In 1959, the year Verboten! was produced, newspapers were reporting that despite recent signs of neo-Nazism, the recovery effort in West Germany continued apace…but it was the rise of neo-Nazis that provided the fodder for Verboten’s plot.  It was an unusual film in Fuller’s oeuvre; it would be the first movie Sam made to deal with World War II, a subject later addressed in Merrill’s Marauders (1962) and the film considered by many Fuller devotees to be one of the director’s finest, The Big Red One (1980).  Fuller was no stranger to war drama: one of his earliest efforts, The Steel Helmet (1951), is often believed to be one of the best military-themed films produced; he also addressed the topic in Fixed Bayonets (1951) and China Gate (1957).

Since its release to MOD DVD by the Warner Archive in 2010, Verboten! has picked up some new admirers as well as thumbs-up from the Fuller faithful.  I’ve always been a fan of Sam and his kitchen-sink approach to filmmaking, but I freely admit that it doesn’t always work if the subject matter isn’t particularly “punchy.”  Fuller vehicles like Shock Corridor (1963) and The Naked Kiss (1964) succeed because of their daring subject matter, and the crazy atmosphere in both movies exists to mask these ideas from the Deans of Censorship.  Verboten! seems to have one message: that Nazis are bad; even the ending on this one is a little unsatisfying.

Those individuals who enjoy Sam’s movies more than I might find a little more food for thought in Verboten!: it features concentration camp footage a couple of years before the critically heralded Judgment at Nuremberg (1961), and its opening scenes (where Best and his friends chase the sniper through the ruins of Rothberg) are quite impressive.  Veteran military man Fuller often decried how “orderly” war was presented in feature films, protesting that the movies seldom captured the unpredictability of conflict—but he does an excellent job in presenting suspense in the first scenes, oddly accompanied by the strains of Beethoven’s Fifth Symphony.  (When Paul Anka starts crooning the movie’s theme on the soundtrack, however, you might experience the same eye-rolling as I did.)

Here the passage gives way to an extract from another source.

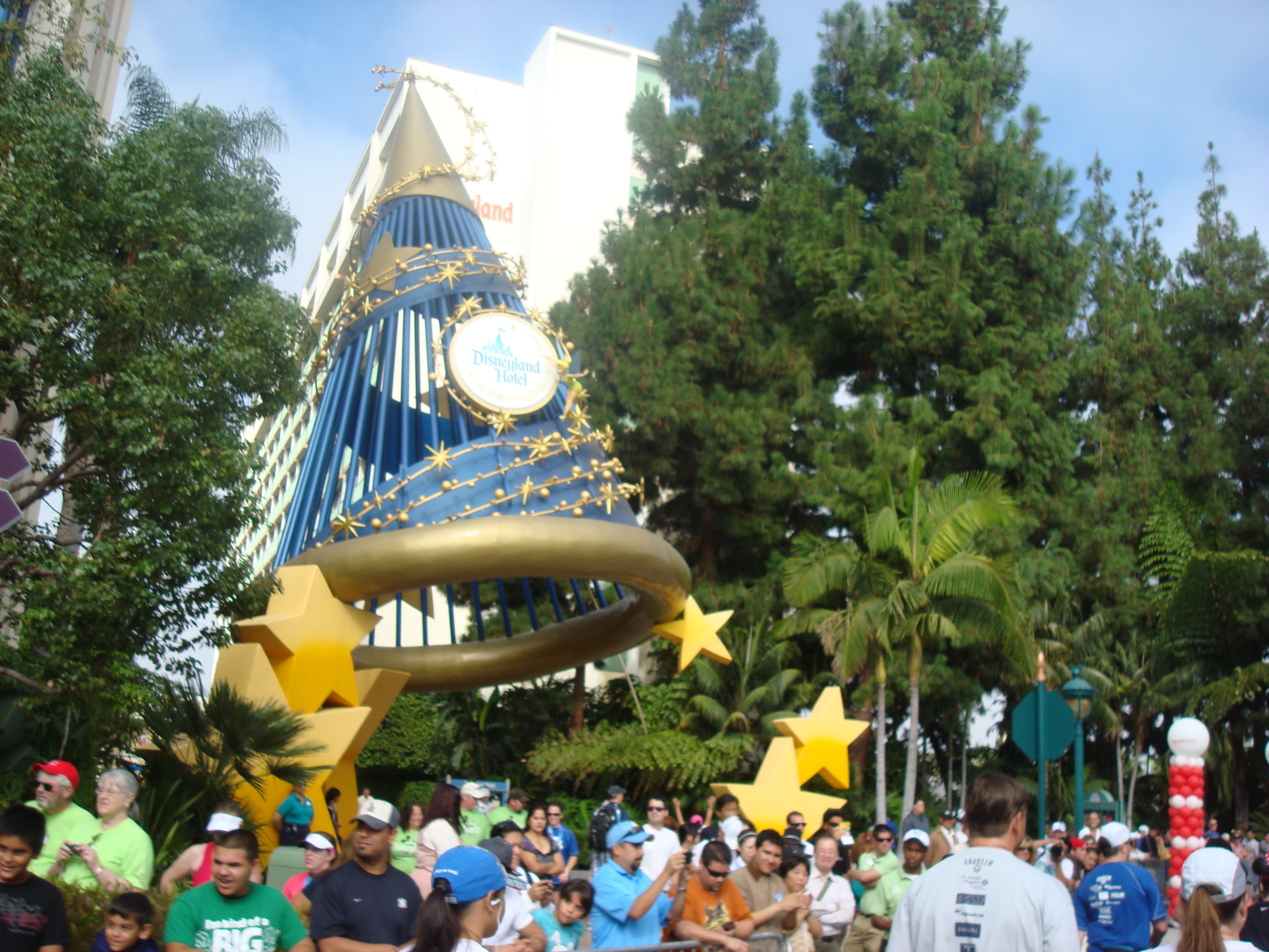 Lots of people watching the runners come towards the finish line which was near the Disneyland Hotel.
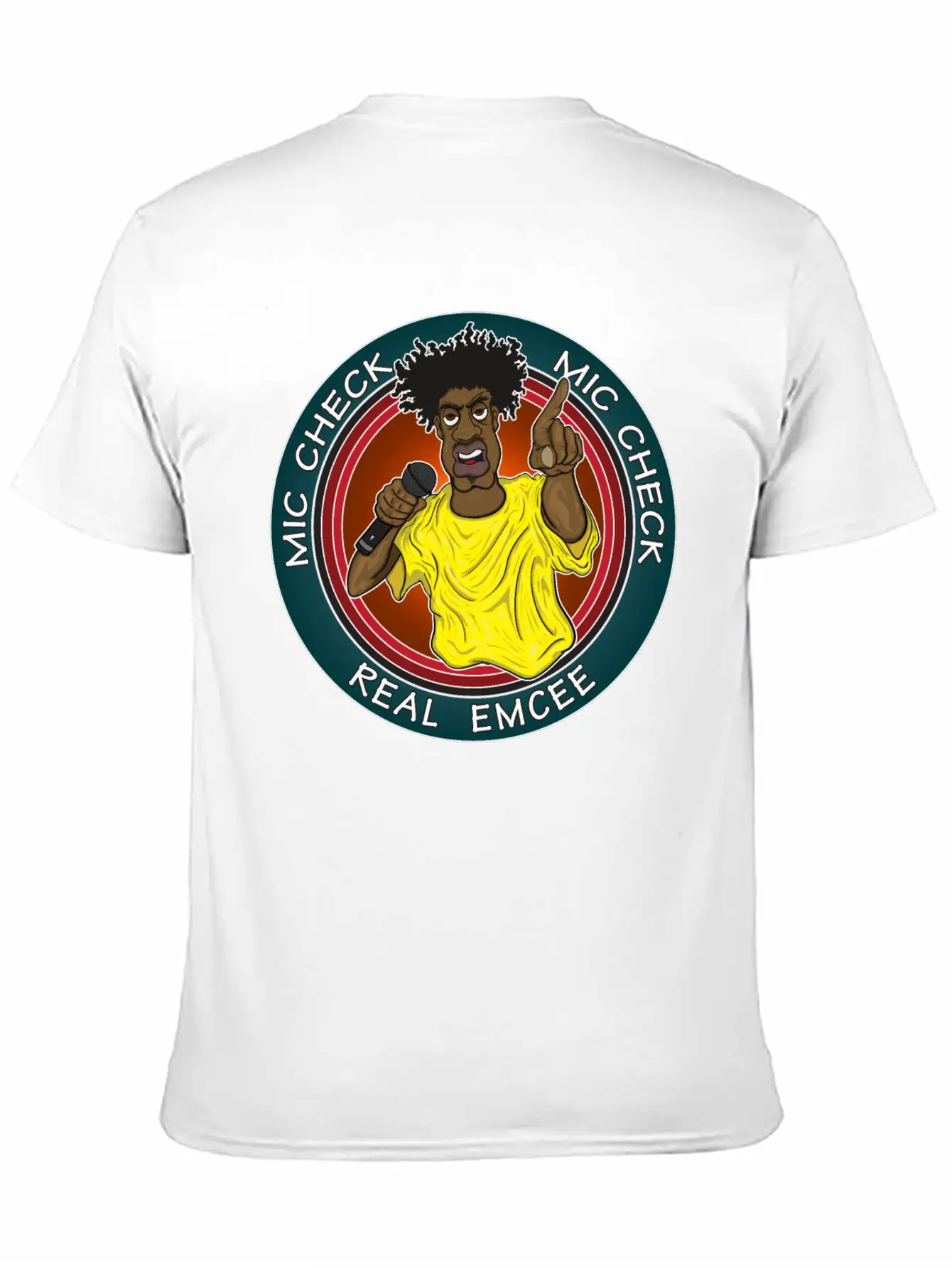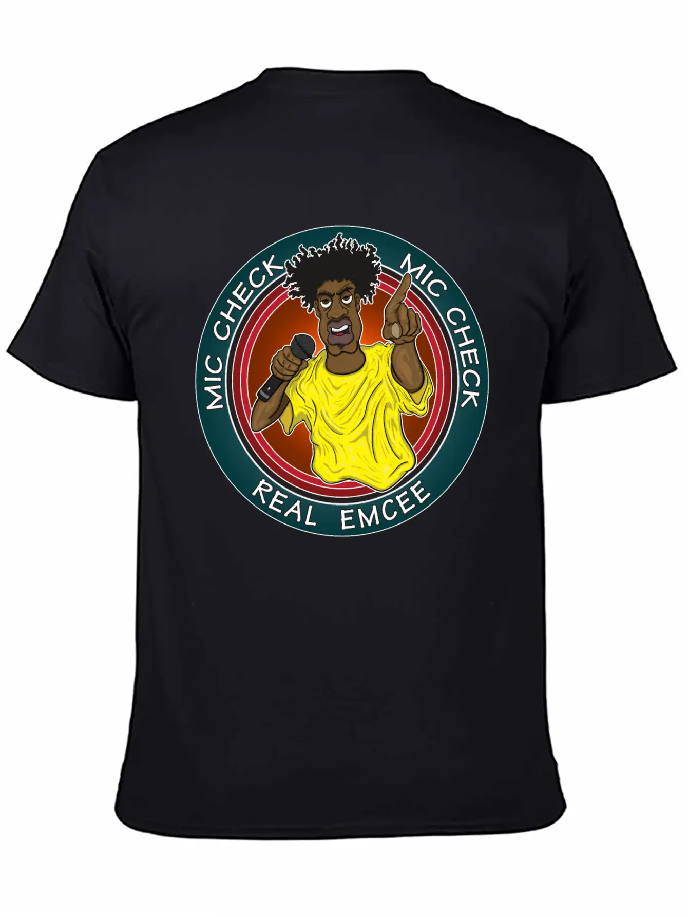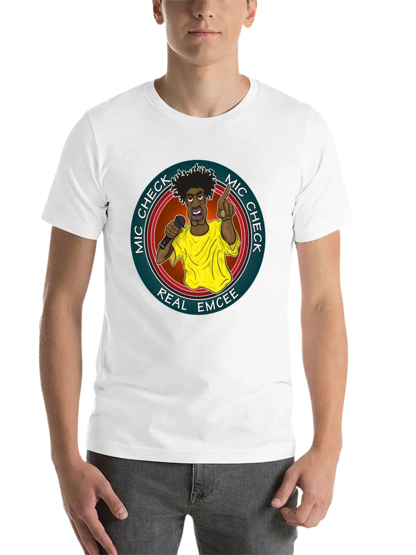 The Real Emcee is the centerpiece of this comfy tee, combining a classic cut with modern design.

James Best is perhaps best recognized for his turn as the endearingly buffoonish Roscoe P. Coltrane in the hit TV series The Dukes of Hazzard (1979-85)…but in the 1950s/1960s he turned up in supporting roles in TV and movies frequently, generally playing a snot-nosed punk still wet behind the ears (he’s got a great showcase as Randolph Scott’s prisoner in 1959’s Ride Lonesome, and would later work for Fuller in Shock Corridor as the shell-shocked P.O.W. who’s convinced he’s General Jeb Stuart).  His leading lady in Verboten! is Susan Cummings (a.k.a. Suzanne Tafel), who also did her fair share of small screen work—including a memorable role as the woman in the Twilight Zone episode “To Serve Man” who explains to Hart Bochner what the title actually means.  Some of the romantic dialogue between Best and Cummings in Verboten! is frequently awkward and stilted, and many of their scenes together are so unconvincing they weaken the film somewhat.  There are, however, excellent turns by radio veteran Paul Dubov as Best’s superior, Steven Geray as the town burghermeister, and Tom Pittman as Bruno—the latter actor was just starting to make a name for himself in television shows and movies (The Young Stranger, The Proud Rebel) before he perished in a car crash before Verboten’s release.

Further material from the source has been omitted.